Eddie Kendricks was the one member of the classic Temptations lineup who had a consistently successful solo career. He had many hits,many of them strutting uptempo numbers such as “Keep On Truckin'”,”Boogie Down” and “Girl You Need A Change Of Mind”. Many of these songs were produced by Leonard Caston Jr.  After mixed results with two 1976 albums recorded with Norman Harris,Kendricks turned back to Caston to fully produce his final Motown solo album in 1977 entitled  Slick. One song from the album actually found its way into my musical rotation very heavily this past year.

During this past summer of 2016,I actually took the time to do more bicycle riding. Unlike previous years,decided to take advantage of my phone’s MP3 player to listen to music while on these bike rides. Most of these songs were endowed with an appropriate sense of motion. And all of them were from within the soul/funk/jazz/Latin spectrum of music. During the course of the summer,I brought different songs in and out of this rotation in order to keep things fresh. And one of them was an Eddie Kendricks song that originally concluded his final Motown album. Its called “California Woman”.

A pulsing bass and drum pulse starts the song out-accompanied only by low rumble of strings. Shortly after,a loud vocal chorus scales up into Kendrick’s refrain. Here,the bass the and stomping shuffle of the drums are accompanied by lightly harmonic strings and horns-along with the vocal chorus serving the same function. On the chorus the horns and backup vocalists melodically descend with Kendricks. After a reprise of the intro on the bridge,the chorus of the song repeats for a couple more bars before the song abruptly ends on an outro of a very similar nature to its beginning.

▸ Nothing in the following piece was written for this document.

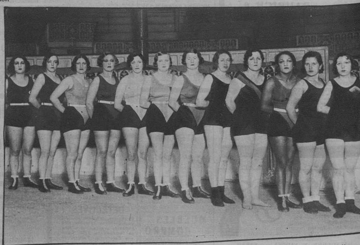
Madrid.—Grupo de participantes en el Campeonato femenino de lucha greco-romana.

In some ways,this song has some of the hallmarks of Leonard Caston Jr’s productions with Eddie Kendricks from before. The difference here is there isn’t as much focus on the bass/guitar interaction as there is the orchestration. Its basically just the kind of “sound with a good melody” as Kendricks himself preferred-with much care put into the production to make sure the groove was funky and the sweeteners on top had plenty of life to them. The lyrical tale of a “down home lady” becoming a movie star goes beautifully with the music’s strutting “OG” style of cinematic funky soul.